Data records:
*** Block opens ***
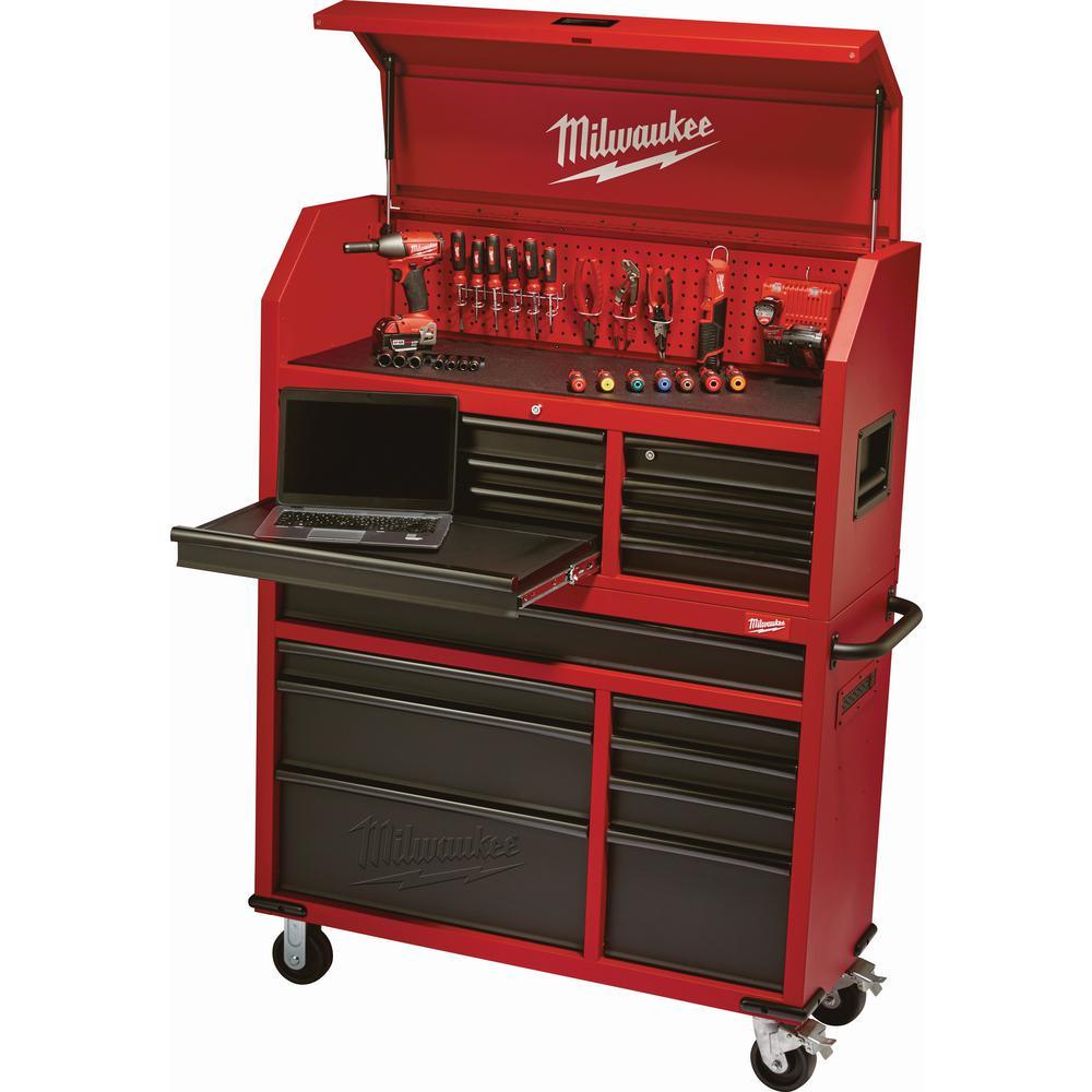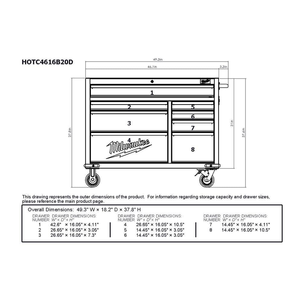 Keep your garage neat with the Milwaukee 46 in. 8-Drawer Roller Cabinet Tool Chest in Red. Excellent for heavy use, it features a 20-Gauge steel construction to ensure toughness and structural integrity. This tool storage system has 8-drawers 4 small, 3 medium and 1 large and features a total holding capacity of 15,160 cu. in. offering you plenty of storage for all your equipment. Designed to accommodate heavy loads, it comes with ball bearing slides that can hold up to 100 lbs.so you can easily access the contents of the unit. With the power tool drawer, you can store your larger equipment. This Milwaukee tool cabinet has a barrel key internal locking system to offer you peace of mind. It is designed with fixed and swivel casters that support up to 1,800 lbs. and features a push handle, making it easy to maneuver around. Redefine your tool organization with the Milwaukee 46 in. 8-Drawer Roller Cabinet Tool Chest in Red.
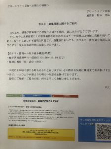 昨今の世界情勢により、原油価格をはじめエネルギーや資材などの物価高騰が続いており、現在も見通しが不透明な状況であります。当施設においても、エネルギー使用量を抑制しながら安全・安心な施設運営に取り組んでおります。
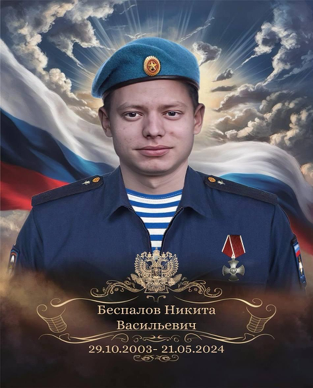 БЕСПАЛОВ Никита Васильевич (29.10.2003 – 21.05.20024) гвардии рядовой, 108 гвардейский десантно-штурмовой Кубанский казачий ордена Красной Звезды полк (в/ч 42091 МОРФ) г. Новороссийск, участник специальной военной операции. Позывной «Малой» |
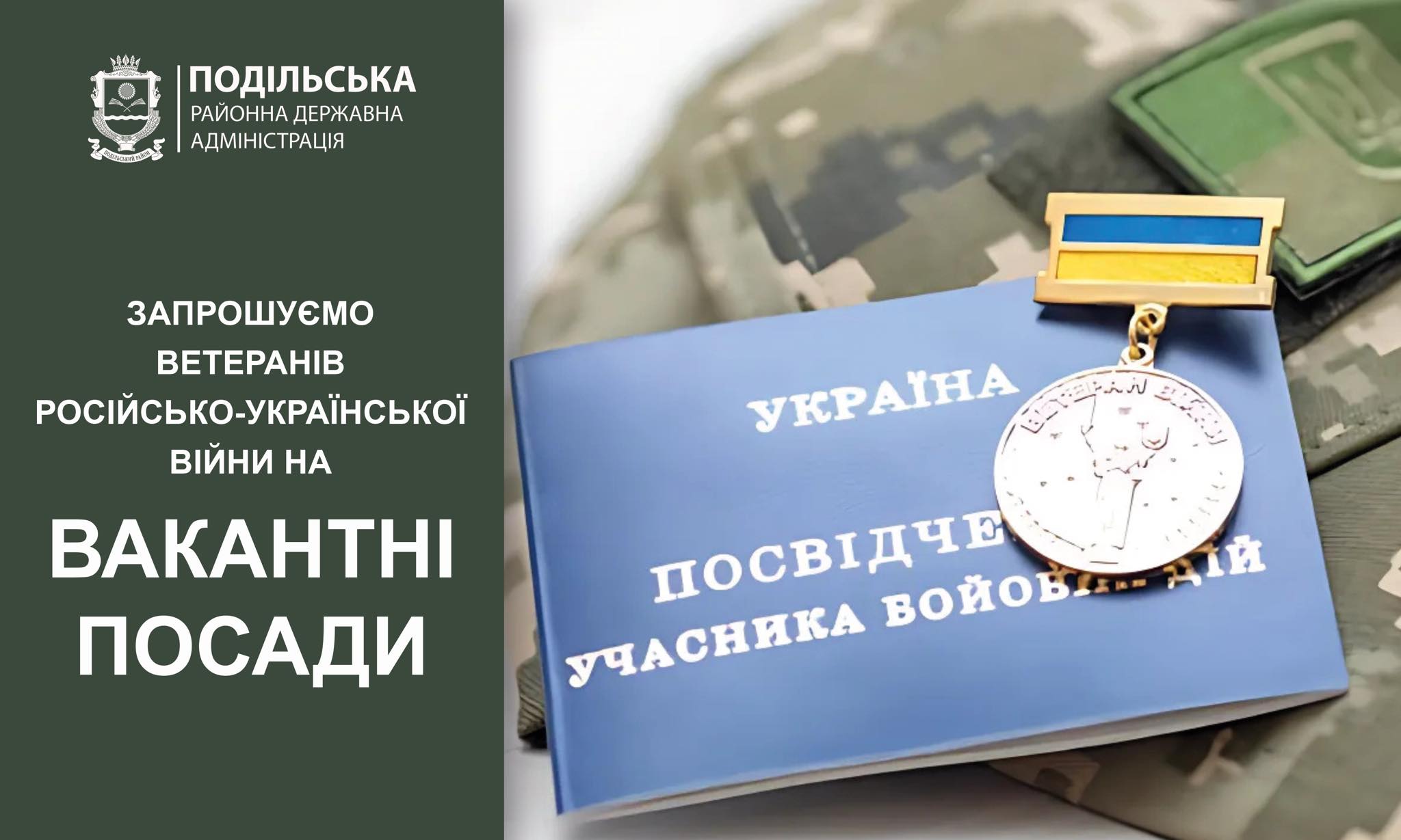 Шановні ветерани та ветеранки російсько-української війни, захисники та захисниці нашої держави! Ваша відвага, самопожертва та незламний дух є фундаментом нашої незалежності та майбутнього. Подільська районна державна адміністрація, глибоко цінуючи ваш безцінний досвід, відданість Україні та активну громадянську позицію, щиро запрошує вас приєднатися до нашої професійної команди. Ми прагнемо створити всі умови для успішної інтеграції ветеранів у цивільне життя, надаючи можливості для подальшого служіння українському народу вже на мирній ниві – у сфері державного управління.
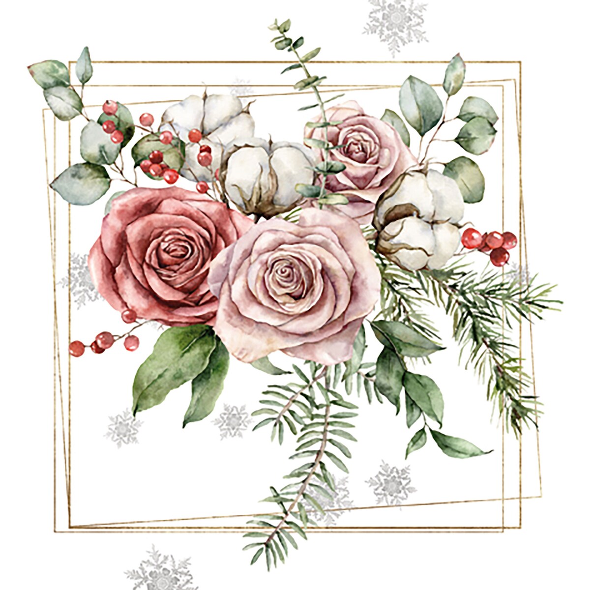 ti-flair 20 Servietten Papier 33x33cm 3-lagig hochwertige Einweg Papierservietten Weihnachtsservietten Winterstrauß Rosen Partyservietten Winter Weiß Rosa
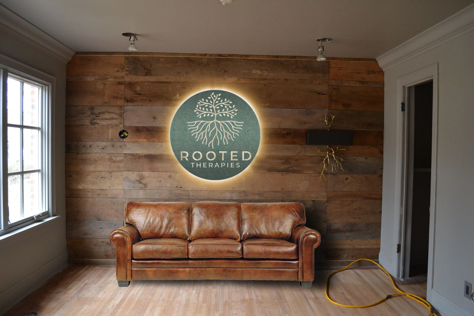 This listing is for (1) Rooted Therapy Sign with 1.5 inch standoffs (or LED Back lit option) to be mounted on wall.
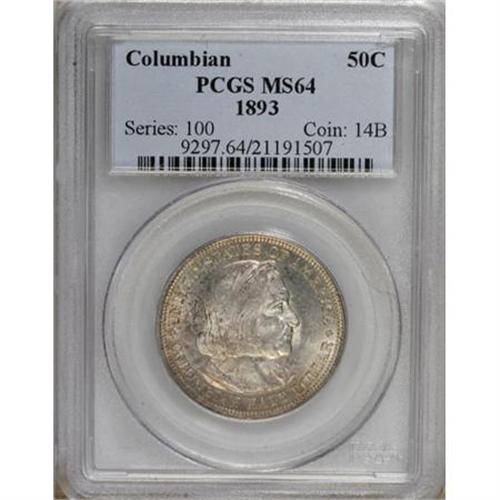 <B>1893 50C Columbian MS64 PCGS.</B></I> PCGS Population (1218/555). NGC Census: (1703/766). Mintage: 1,550,405. Numismedia Wsl. Price for NGC/PCGS coin in MS64: $160. (#9297)<BR><BR><b>Shipping:</b> Coins & Currency (<a target="_blank" href="http://www.heritageauctions.com/common/shipping.php">view shipping information</a>\)
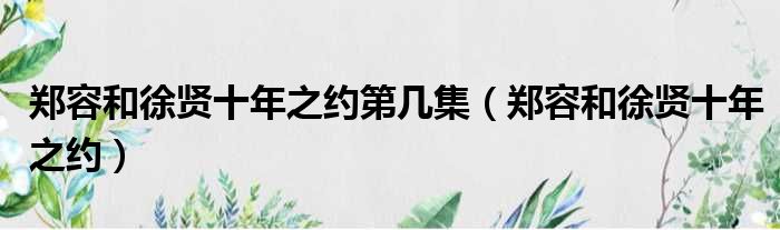 导读 大家好,今天小六子来为大家解答以下的问题,关于郑容和徐贤十年之约第几集,郑容和徐贤十年之约这个很多人还不知道,现在让我们一起来看看
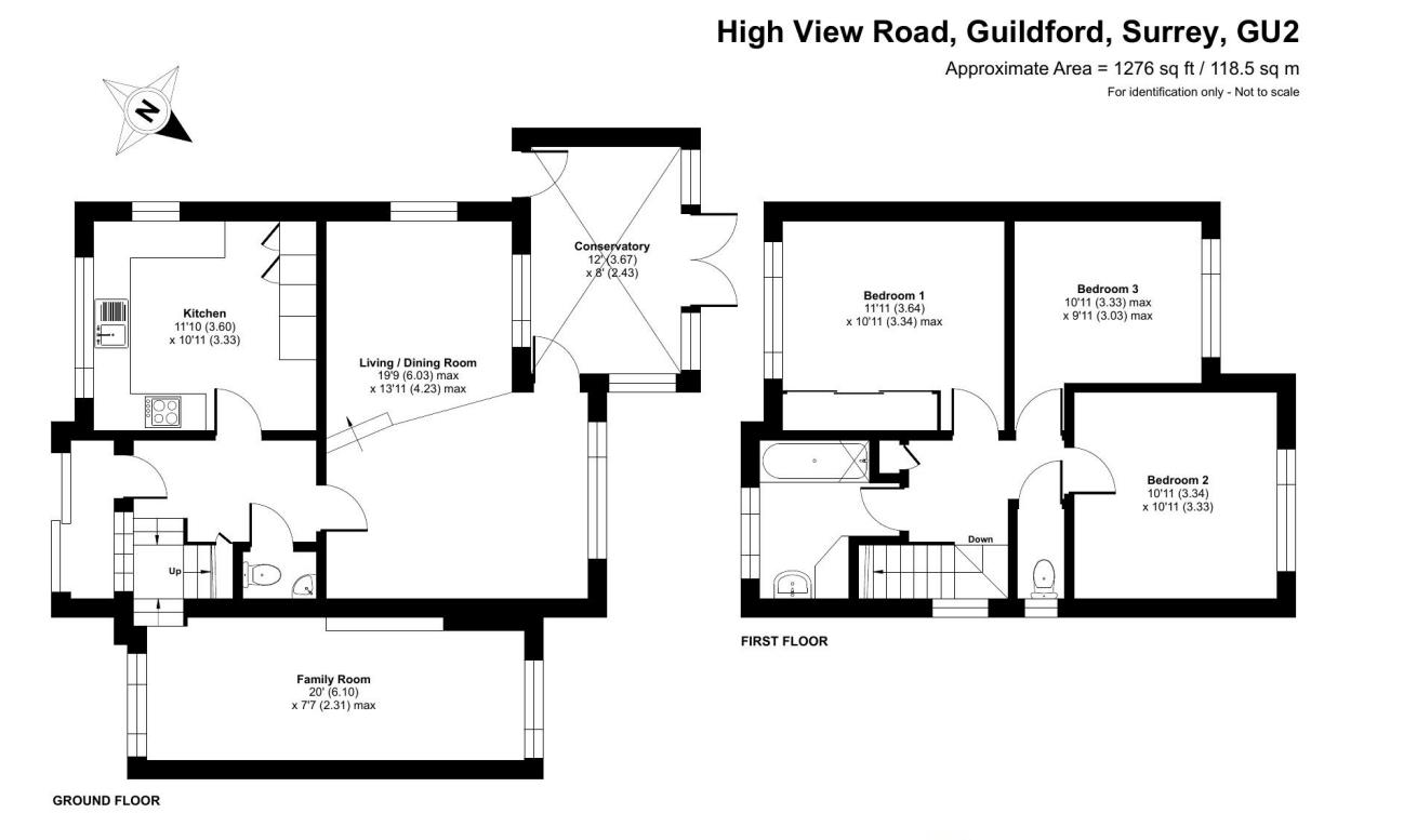 Set on High View Road, this detached three double bedroom home offers a private driveway for two cars and an adapted ground floor for more useful reception space.From the front door into the wide hallway, access leads to the living room, kitchen and family room, with advantage of understairs storage and a downstairs cloakroom. The kitchen is located at the front and is fitted with beech-effect units, laminate work surfaces, an integrated electric oven, a five-ring gas hob with cooker hood above, a stainless-steel sink with drainer, space for a freestanding dishwasher and washing machine, and provision for an American-style fridge-freezer. A large picture window overlooks the front, and there is a side door providing external access. The original garage has been converted to form an additional reception room, currently arranged as a media or family room, and could also be used as a home office or snug.To the rear, the main living room offers combined sitting and dining space with a large picture window facing the garden. A door leads into the conservatory, which provides further living space and direct access to the rear garden. There is scope for a rear extension, subject to the usual planning consents.On the first floor, there are three well-sized double bedrooms served by a bathroom fitted with a basin and bath with shower over, along with a separate WC across the landing.Outside, the conservatory opens onto a patio with steps down to the main garden, which is predominantly laid to lawn and enclosed by established boundaries. A garden shed is located at the far end of the plot.
*** Block closes ***
## Task
Give the records again exactly, pictures left out.

## Task response
 Keep your garage neat with the Milwaukee 46 in. 8-Drawer Roller Cabinet Tool Chest in Red. Excellent for heavy use, it features a 20-Gauge steel construction to ensure toughness and structural integrity. This tool storage system has 8-drawers 4 small, 3 medium and 1 large and features a total holding capacity of 15,160 cu. in. offering you plenty of storage for all your equipment. Designed to accommodate heavy loads, it comes with ball bearing slides that can hold up to 100 lbs.so you can easily access the contents of the unit. With the power tool drawer, you can store your larger equipment. This Milwaukee tool cabinet has a barrel key internal locking system to offer you peace of mind. It is designed with fixed and swivel casters that support up to 1,800 lbs. and features a push handle, making it easy to maneuver around. Redefine your tool organization with the Milwaukee 46 in. 8-Drawer Roller Cabinet Tool Chest in Red.
 昨今の世界情勢により、原油価格をはじめエネルギーや資材などの物価高騰が続いており、現在も見通しが不透明な状況であります。当施設においても、エネルギー使用量を抑制しながら安全・安心な施設運営に取り組んでおります。
 БЕСПАЛОВ Никита Васильевич (29.10.2003 – 21.05.20024) гвардии рядовой, 108 гвардейский десантно-штурмовой Кубанский казачий ордена Красной Звезды полк (в/ч 42091 МОРФ) г. Новороссийск, участник специальной военной операции. Позывной «Малой» |
 Шановні ветерани та ветеранки російсько-української війни, захисники та захисниці нашої держави! Ваша відвага, самопожертва та незламний дух є фундаментом нашої незалежності та майбутнього. Подільська районна державна адміністрація, глибоко цінуючи ваш безцінний досвід, відданість Україні та активну громадянську позицію, щиро запрошує вас приєднатися до нашої професійної команди. Ми прагнемо створити всі умови для успішної інтеграції ветеранів у цивільне життя, надаючи можливості для подальшого служіння українському народу вже на мирній ниві – у сфері державного управління.
 ti-flair 20 Servietten Papier 33x33cm 3-lagig hochwertige Einweg Papierservietten Weihnachtsservietten Winterstrauß Rosen Partyservietten Winter Weiß Rosa
 This listing is for (1) Rooted Therapy Sign with 1.5 inch standoffs (or LED Back lit option) to be mounted on wall.
 <B>1893 50C Columbian MS64 PCGS.</B></I> PCGS Population (1218/555). NGC Census: (1703/766). Mintage: 1,550,405. Numismedia Wsl. Price for NGC/PCGS coin in MS64: $160. (#9297)<BR><BR><b>Shipping:</b> Coins & Currency (<a target="_blank" href="http://www.heritageauctions.com/common/shipping.php">view shipping information</a>\)
 导读 大家好,今天小六子来为大家解答以下的问题,关于郑容和徐贤十年之约第几集,郑容和徐贤十年之约这个很多人还不知道,现在让我们一起来看看
 Set on High View Road, this detached three double bedroom home offers a private driveway for two cars and an adapted ground floor for more useful reception space.From the front door into the wide hallway, access leads to the living room, kitchen and family room, with advantage of understairs storage and a downstairs cloakroom. The kitchen is located at the front and is fitted with beech-effect units, laminate work surfaces, an integrated electric oven, a five-ring gas hob with cooker hood above, a stainless-steel sink with drainer, space for a freestanding dishwasher and washing machine, and provision for an American-style fridge-freezer. A large picture window overlooks the front, and there is a side door providing external access. The original garage has been converted to form an additional reception room, currently arranged as a media or family room, and could also be used as a home office or snug.To the rear, the main living room offers combined sitting and dining space with a large picture window facing the garden. A door leads into the conservatory, which provides further living space and direct access to the rear garden. There is scope for a rear extension, subject to the usual planning consents.On the first floor, there are three well-sized double bedrooms served by a bathroom fitted with a basin and bath with shower over, along with a separate WC across the landing.Outside, the conservatory opens onto a patio with steps down to the main garden, which is predominantly laid to lawn and enclosed by established boundaries. A garden shed is located at the far end of the plot.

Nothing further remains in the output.